# End of an era. Last training flight for the T-34C



## evangilder (Apr 28, 2012)

On April 19, 2012, the era of the Hawker Beechcraft T-34C for US Navy training ended. Cmdr John Hensel (CO of VT-2) with student Naval Aviator Sarah Horn completed the final training flight for the T-34C Mentor, landing at NAS Whiting Field, Florida. The T-34C has been with TAW-5 since 1977 providing more than *2.8 million hours* of instructional time. 

Sadly, a majority of these old T-34Cs are going right into the aluminum shredder. 

Here is a photo of the final taxi (US Navy Photo- Lt. JG Tim Mosso, photographer)


----------



## wheelsup_cavu (May 3, 2012)

What a shame they aren't going to be sold to private collectors. I would think there would be great interest in them.


Wheels


----------



## gumbyk (May 3, 2012)

Coincidence? Bankruptcy For Hawker Beechcraft


----------



## evangilder (May 4, 2012)

Not really. They were in the process of phasing out the T-34Cs before this started happening. The T-34Cs have been operational since 1977. Some of the 34C models were reworked B models, some of which date back to the 50s. I'd say they were about due to retire. What really killed Hawker Beechcraft was the Light Attack contract that they didn't get to bid on that went to Embraer. But now it looks like the bidding process is back on. Don't know how that will effect HB, but I hope they can pull out and be okay. Both Hawker and Beech have some amazing histories.


----------



## CharlesBronson (May 4, 2012)

Nearly 40 years of good use, amazing, the T-34cs is still in service with the Argentine Navy.


----------



## evangilder (May 4, 2012)

Yeah, it's used in quite a few other countries. Its a great airplane


----------



## davparlr (May 4, 2012)

I remember well my last semester at the University of West Florida, when, after passing the Navy written pilot exam, I was invited to go for a flight. I went to Pensacola regional airport for my flight, I am not sure why not Whiting field or Sherman field, closer to UWF, I suppose. Anyway, I climbed into the back seat of a non-turbo T-34 and away we went. We flew over Pensacola Bay and did some loops and barrel rolls and rolls, probably meant to see if I got sick. I didn't. I thought that was totally cool.

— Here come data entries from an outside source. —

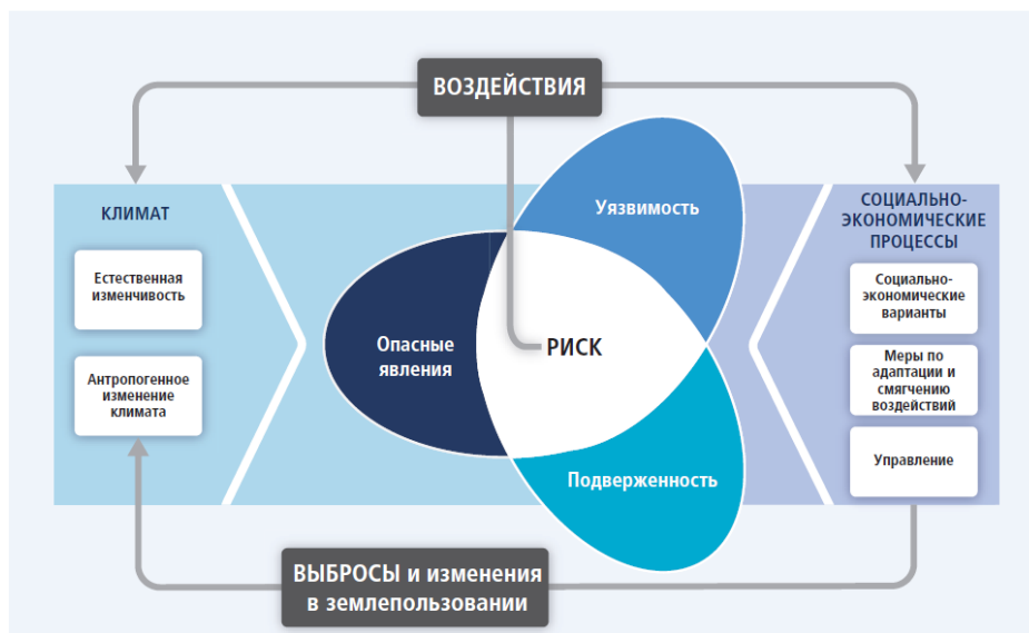
Рисунок 3. Иллюстрация основных концепций вклада Рабочей группы II в Пятый доклад об оценке Межправительственной группы экспертов по изменению климата

Примечание. Риск связанных с климатом воздействий возникает в результате взаимодействия между связанными с климатом опасностями (включая опасные явления и тенденции) и уязвимостью и подверженностью антропогенных и естественных систем. Изменения как в климатической системе (слева), так и в социально-экономических процессах, включая адаптацию и смягчение воздействия (справа) являются основными факторами опасности, подверженности и уязвимости (Межправительственная группа экспертов по изменению климата, Изменение климата 2014: Воздействие, адаптация и уязвимость , 2014 г.).
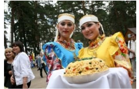
Расовые татарки рады тебя видеть
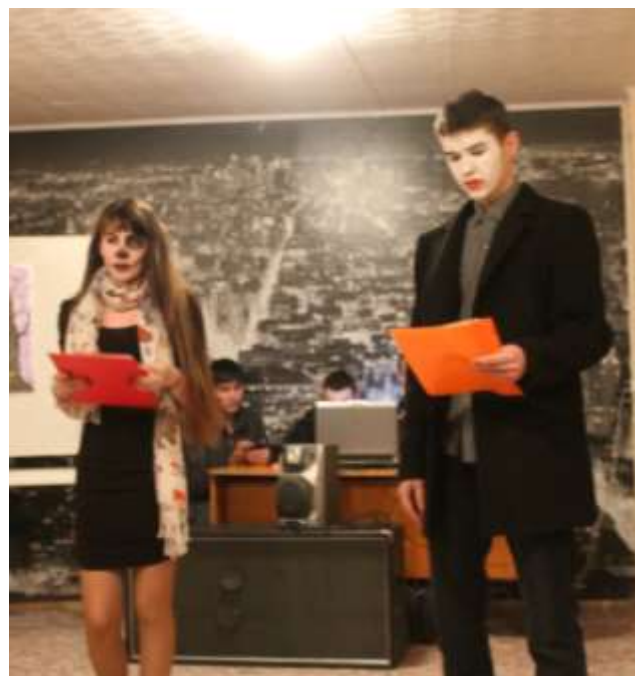
На фото: моменты праздника Хэллоуин

Если бы люди были по-настоящему смелы, они бы надевали костюмы каждый день. А не только на Хэллоуин.
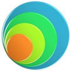
Схема «Социальная среда подростка»
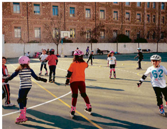
El patinaje es una alternativa de deportiva y de ocio.

nuestras capacidades físicas, son algunos de los beneficios de la práctica. A través de ejercicios y tablas practicados en grupo en el cual también tienen cabida la diversión y el juego.
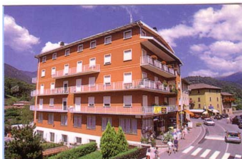
Sede e ufficio della Casa editrice GESÙ La Nuova Rivelazione
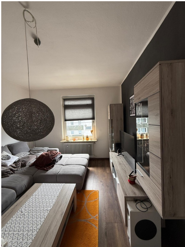
Wohnzimmer oder Schlafzimmer 2
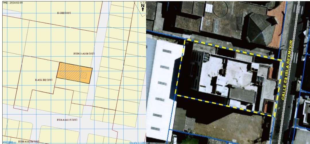
Imagen 1. Predio 406460

Too bad those are going to be scrapped. I would guess the airframe lifetime is used up. Life as a trainer is tough.


----------



## Aaron Brooks Wolters (May 4, 2012)

It is sad to see them go but there are still some Bs out there in private hands doing quite well. I love going up in Bryon's when I get the chance.


----------



## evangilder (May 5, 2012)

There are almost 100 A and B models still flying in civilian hands. There is one (maybe 2) of the C models in the civilian realm, but the rest are likely going to end up in the aluminum shredder, unfortunately. I got these photos about 15 months ago from Corpus Christi of a group of them lined up for shredding. The good news is that as the foreign ones get retired, they can sometimes end up back in the US, so there is still hope.


----------



## gumbyk (May 6, 2012)

Anyone know why they haven't put them out for tender? Its not like they have any real military value.


----------



## evangilder (May 6, 2012)

Not sure the justification for it. It's getting much harder to get the old military aircraft these days. I have friends in the warbird community that are looking to get some A-37 and T-37 parts out of the boneyard and just getting parts is darn near impossible anymore.


----------



## vikingBerserker (May 7, 2012)

That photo just makes me cringe......


----------



## FLYBOYJ (May 7, 2012)

gumbyk said:


> Anyone know why they haven't put them out for tender? Its not like they have any real military value.


 
The US Government in its infinite wisdom have come up with several laws prohibiting the sale of surplus military equipment to the US public, this including aircraft. There is a liability factor involved when these aircraft wind up in civilian hands so the government feels it is just better to chop up these aircraft than deal with the potential liability. You can't buy one of these but you can import a MiG-29 into the US - Go figure!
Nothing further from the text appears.